# New Oliver Tablesaw



## Art Smith (Oct 16, 2012)

I'm considering the purchase of a new Oliver 10" 5hp Single phase Table saw. Does anyone here have experience with the Oliver line of tools. I know the old stuff is sought after but can't find any review of the new line. Thanks in advance for any input


----------



## WarnerConstInc. (Nov 25, 2008)

Asian made crap, just like the rest of the Asian made crap out there. 
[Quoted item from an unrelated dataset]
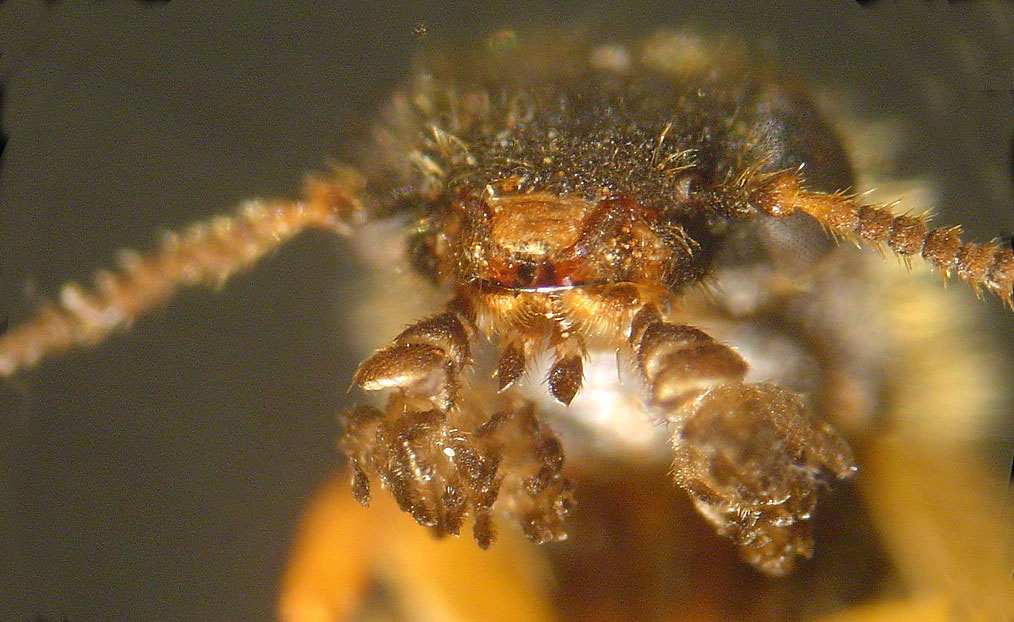Adult males are unusual in having the apical maxillary palpomere modified into a complex, plumose sensory organ.

All they are going on is the name.


----------



## Art Smith (Oct 16, 2012)

So you have had problems with yours?


----------



## dlb (Nov 13, 2012)

Art Smith said:


> I'm considering the purchase of a new Oliver 10" 5hp Single phase Table saw. Does anyone here have experience with the Oliver line of tools. I know the old stuff is sought after but can't find any review of the new line. Thanks in advance for any input


 
I have a friend who collects Oliver tools and having been around him for several years, watching and helping, I would say that they are well made and will last for many generations. Now, with that being said, his machinery is at least 40 - 60 years old. So, I would find an old Oliver saw (http://vintagemachinery.org/) but skip the new.


----------



## ryan50hrl (Jun 30, 2012)

I would take that with a grain of salt, claiming all Asian made tools is like claiming all American cars are crap. Yes, some are, but there's plenty of people that are very happy with Asian made tools. I have a steel city built table saw and I'm happy as pie!


----------



## Bweick7 (Jan 14, 2010)

If you get a chance to try an original piece of "Oliver" WW machinery ...

Jump on the offer......

16-18" of blade eating through wood like its not even there is something to experience.......and I am not exaggerating,,,,,

Problem, I have gathered, is for a lot of ww's here, space/where the shop is located/the electric service,....are the stop blocks for even thinking about a saw of this magnitude...
So I understand,,,,,, and yes, those Asian table saws are light and can be moved into anywhere, all single phase for the most part....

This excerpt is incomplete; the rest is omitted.